Николя нашли утром; скрючившись, он лежал на полу в конце коридора возле окна, в которое, кружась, влетали снежинки. Он не спал, стучал зубами и ничего не говорил. Снова, как будто набор существующих жестов становился все более скудным, Патрик на руках отнес его на диван в кабинете. На этот раз учительница не стала его жалеть, а, скорее, пришла в раздражение. Пусть даже Николя страдает сомнамбулизмом и сердиться на него за то, что он в подобный день расстроен, конечно, нельзя, но ведь она тоже расстроена и измотана. Именно поэтому сегодня она и не собиралась участвовать в продолжительной прогулке, которую Патрик запланировал, чтобы занять ею детей на весь день: она надеялась воспользоваться их отсутствием, чтобы побыть одной в шале и отдохнуть, а тут — требующий внимания и забот больной и капризный ребенок. Только этого ей не хватало. И все же, поскольку было совершенно очевидно, что со всеми детьми Николя идти не может, ему позволили временно вернуться на свое прежнее место — на диван в кабинете, а учительница удалилась в свою комнату. Весь класс ушел с Патриком и Мари-Анж. В шале они остались одни.

Прошло несколько часов. Николя накрылся одеялом с головой и, не шевелясь, почти ничего не чувствуя, ждал. Он хотел, чтобы вернулось чудесное тепло температуры, защитная оболочка вызванного ею забытья, но температуры у него не было, был только холод и страх. Учительница не принесла ему воды, не зашла его проведать. Обеда тоже не было. Наверное, она спала. Он даже не знал, где расположена ее комната.

Он тоже, очевидно, задремал и проснулся от телефонного звонка. Уже стемнело, однако класс еще не вернулся с прогулки. Николя смотрел на трезвонящий перед ним телефон — трубка слегка подрагивала на аппарате. Это продолжалось довольно долго, телефон замолчал, потом зазвонил опять. Учительница вошла и сняла трубку, сказав Николя, что он все-таки мог бы ответить и сам. У нее было заспанное, опухшее лицо, спутанные волосы.

— Да, — сказала она, — это я… Да, он как раз здесь, рядом.

Она серьезно, без всякой улыбки, посмотрела на Николя, потом нахмурилась.

— Почему?
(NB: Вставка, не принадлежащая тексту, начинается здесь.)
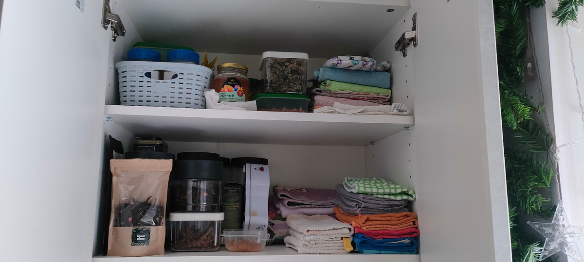 А я всё же продолжаю свои уборку и расхламовку. Сегодня на очереди две полки над специями. Чего тут только нет. Здесь находится чайная полка (чай, всякие добавки для него), полотенца кухонные и на самом верху запасы специй. Вытащив оттуда всё, удивилась, насколько грязные полки. Хотя даже года не прошло, как я пользуюсь этой кухней. Однозначно надо разбирать и протирать их примерно раз в 4 месяца. Всё рассортировала, выкинула пару трав, что подпортились от неправильного хранения и парочку того, что совсем не пьём. К примеру цветы жасмина и розы лежали три года, ни разу не использовали. Решила выкинуть. Зато поближе достала сушёную липу запас, ее мы любим. На самом деле, разобрав эти полки у меня ушли 2 банки и стало понятно, что надо допить в первую очередь (занимает место, хотя там совсем капелюшка осталась) Полотенца, что там лежали пока убрала в другое место, попробую где удобнее окажется. Как итог у меня суммарно освободилась целая полка Сейчас меня тут всё устраивает, посмотрим,
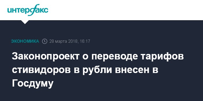В августе 2017 года президент РФ Владимир Путин потребовал от профильных ведомств ускорить решение вопроса о переводе ставок обслуживания стивидорных компаний из долларов в рубли. С соответствующим предложением к президенту на совещании по развитию транспортной инфраструктуры Северо-Запада РФ обратился глава ФАС Игорь Артемьев.
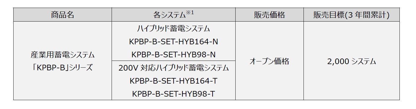 産業向け蓄電システム「KPBP-B」システムを2022年6月中旬にリリースします。
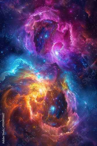 galactic tide swirling gracefully around a mesmerizing star cluster. The rich colors and dynamic patterns highlight the beauty and grandeur of the galaxy.
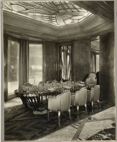 Kiállításfotó - ebédlő berendezés és terített asztal. Terv: Maurice Dufrene, Galeries Lafayette, Nemzetközi Iparművészeti Kiállítás, Párizs, 1925.
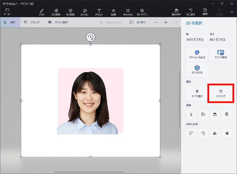 「Microsoft ペイント3D」を使って、
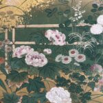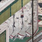 The scene depicted on the left screen is from the 28th chapter, “Nowaki ”.The morning after a violent typhoon(Nowaki)blew through the capital, Prince Hikaru Genji, accompanied by his son Yugiri, went to Rokujo-in Temple to visit Empress Akikonomu.
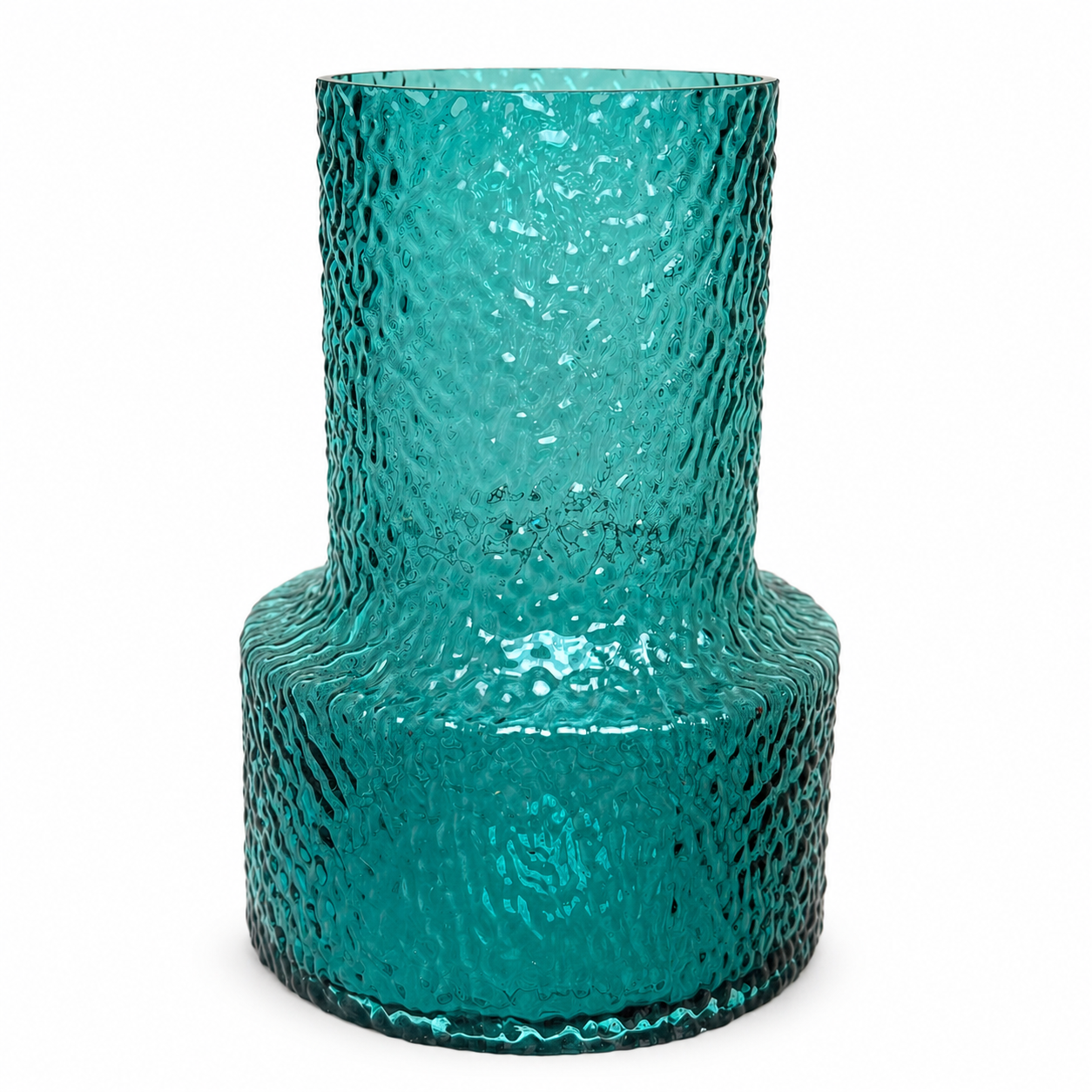 Add a refreshing splash of color to your interior with the Teal Ripple Vase. This piece features a bold, industrial-inspired silhouette softened by a shimmering, hammered glass texture that mimics sunlight dancing on tropical waters. Its vibrant turquoise hue and substantial base make it both a functional vessel and a standalone art piece.

Что-то случилось?… Хорошо…

Опустив трубку, она сказала Николя:

— Выйди, пожалуйста, на минутку…

Николя встал и медленно пошел к двери, не отрывая взгляда от учительницы.

— Спустись вниз, там тебе будет лучше, — добавила она, когда Николя был в коридоре, и закрыла дверь.

Николя дошел до лестницы и сел на верхние ступеньки, обхватив руками крепко сжатые колени. Он ничего не слышал из того, что говорилось в кабинете, но, может быть, учительница ничего и не говорила, а только слушала своего собеседника. В какой-то момент он хотел встать и подойти на цыпочках к двери, но побоялся. Тогда он прислонился плечом к деревянным перилам, они сухо скрипнули. В нескольких метрах от него виднелась полоска оранжевого света, который просачивался из-под двери кабинета. Ему показалось, что там, внутри, раздался приглушенный звук, похожий на сдержанное рыдание. Разговор продолжался довольно долго, но Николя ничего больше не услышал. Все погрузилось в тишину, он словно попал в колодец. И лишь в глубине, далеко-далеко, блестела черная вода.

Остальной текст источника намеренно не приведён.